The compressed sensing (CS) method, commonly utilized for restructuring sparse signals, has been extensively used to attenuate the random noise in seismic data. An important basis of CS-based methods is the sparsity of sparse coefficients. In this method, the sparse coefficient vector is acquired by minimizing the l1 norm as a substitute for the l0 norm. Many efforts have been made to minimize the lp norm (0 < p < 1) to obtain a more desirable sparse coefficient representation. Despite the improved performance that is achieved by minimizing the lp norm with 0 < p < 1, the related sparse coefficient vector is still suboptimal since the parameter p is greater than 0 rather than infinitely approaching 0 p→0+. Therefore, the CS method with the limit p→0+ is proposed to enhance the sparse performance and thus generate better denoised results in this paper.

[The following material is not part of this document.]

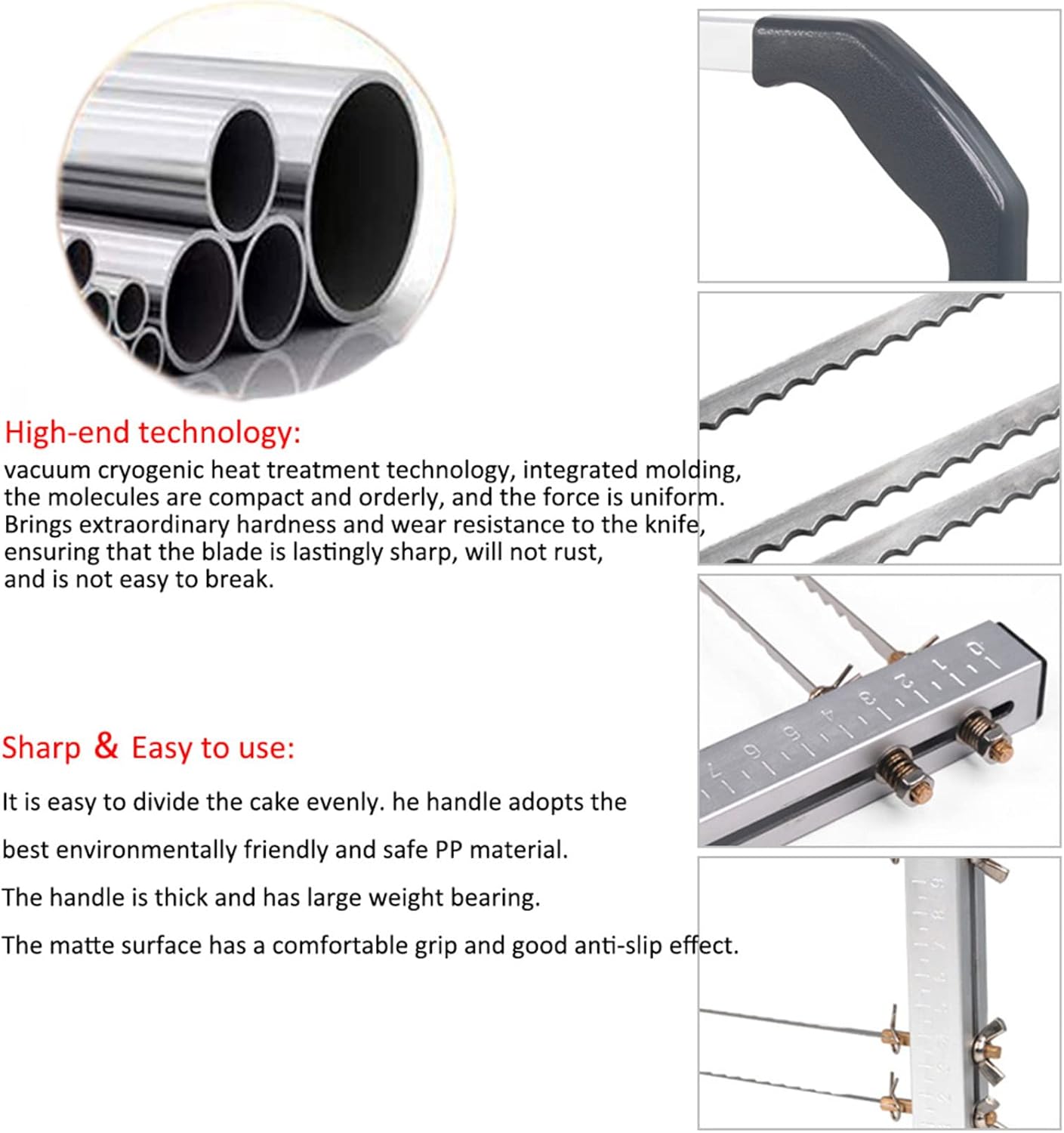 - 【Precise Size Adjustment & Removed】 The size of the slice can be adjusted by rotating the upper screw. The adjustable size range is 1-9CM, and the size can be adjusted according to the thickness of the cake to be cut. 1-2 blades can be removed according to needs to meet different cake cutting needs

Our proposed method is referred to as the CS-LHR method because the solving process for minimizing p→0+ is the log-sum heuristic recovery (LHR). Furthermore, to improve the computational efficiency, we incorporate the majorization-minimization (MM) algorithm in this CS-LHR method. Experimental results of synthetic and real seismic records demonstrate the remarkable performance of CS-LHR in random noise suppression.